Mientras escribo estas líneas, frente a mí aparece con claridad el desierto y el individuo abandonado a su propia angustia. Recuerdo entonces un texto “moderno”, donde la misma imagen repercute sobre una dimensión apenas alterada por la conciencia. Es un relato de Tolstoi, El padre Sergio, una de sus historias más extrañas, escrita después de la publicación de Ana Karenina y probablemente inédita hasta después de su muerte. En ella, un hombre, en su juventud acaudalado, noble y hermoso, como el propio Tolstoi, sufre una decepción que lo lleva, en primera instancia, a abandonar sus bienes materiales en pos de los espirituales. Deja la vida pública para convertirse en un monje que poco a poco, y paradójicamente, va adquiriendo fama por su ascetismo. La gente lo busca por los milagros que rodean su existencia en el monasterio. Las multitudes comienzan a congregarse en torno suyo, hasta que el padre decide recluirse en una ermita. Una noche recibe la visita inesperada de una mujer, aristocrática y hermosa, que despierta en él la sombra de la concupiscencia. Alterado y violento, para ahuyentar de sí el deseo que empieza a consumirlo, el padre Sergio sale de la cabaña donde dialoga con esta mujer, y sobre un tocón de madera se cercena un dedo. A su regreso, la mujer lo mira bañado en sangre y, comprendiendo de inmediato lo que ha sucedido, huye de la cabaña despavorida y arrepentida.
El drama del padre Sergio se dirime entre los polos de la carne y la virtud, la cual se encuentra en el aislamiento y en el angostamiento paulatino del yo.

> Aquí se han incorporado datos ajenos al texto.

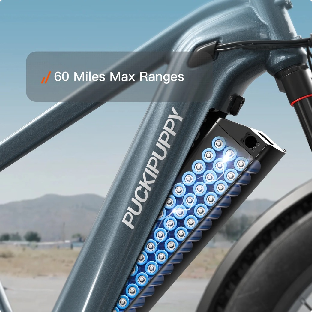 Электровелосипед PUCKIPUPPI BEAGLE оснащён двигателем мощностью 500 Вт, который обеспечивает уверенный разгон и позволяет развивать скорость до 45 км/ч. Этого достаточно для быстрого передвижения по городу и комфортной езды по загородным маршрутам. Задний привод гарантирует хорошее сцепление с дорогой и устойчивость при старте с места, а также при движении по мокрому асфальту или грунту. Двигатель работает плавно и тихо, не создавая лишнего шума и вибраций.
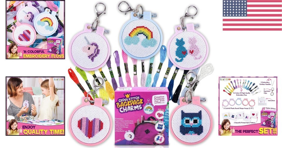 Features: With Frame,Easy to Follow Instructions,High-Quality Cotton Thread,Kid-Safe Materials,Five Pre-Printed Patterns,Suitable for Beginners,Step-by-Step Instructions,Perfect for Kids,Variety of Themed Hoops
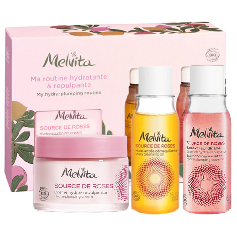 Le Coffret « Ma Routine Hydratante & Repulpante » discount de MELVITA, toute la beauté de la nature dans 3 soins à la rose sauvage, pour une routine hydratante et fraîche quotidienne : Crème Hydra-Repulpante Source de Roses (50ml) Essence Hydra-Repulpante Source de Roses (30ml) Huile lactée démaquillante Source de Roses (30ml), dans votre parapharmacie en ligne à prix discount.

Las soluciones espirituales que Tolstoi estaba encontrando a la problemática de su existencia al final de su vida lo acercaron más al Oriente que al catolicismo agónico de Resurrección; y este viraje intuitivo, para nada programado, se encuentra en ese ciclo que es posible discenir en relatos como La sonata a Kreutzer, La muerte de Ivan Ilich y El padre Sergio. Todos estos libros corresponden al último tramo de su vida, y en ellos instituciones como el matrimonio y la familia son severamente cuestionadas frente a la proximidad y la contundencia de la muerte. La muerte, en Tolstoi y en la mente de los monjes budistas del Tibet, es el espejo negro donde se “refleja” y reabsorben los motivos constitutivos de la vida, creando una simple y compleja paradoja.
En los casos anteriores está presente el convencimiento de que sólo a través de la clausura es posible encontrar la sabiduría y el bienestar en este mundo. El cuadro de Rébora, que pudo titularse “En el umbral de Orígenes” por la condición fantasmática del personaje que lo habita, sigue asechando mis sueños más profundos.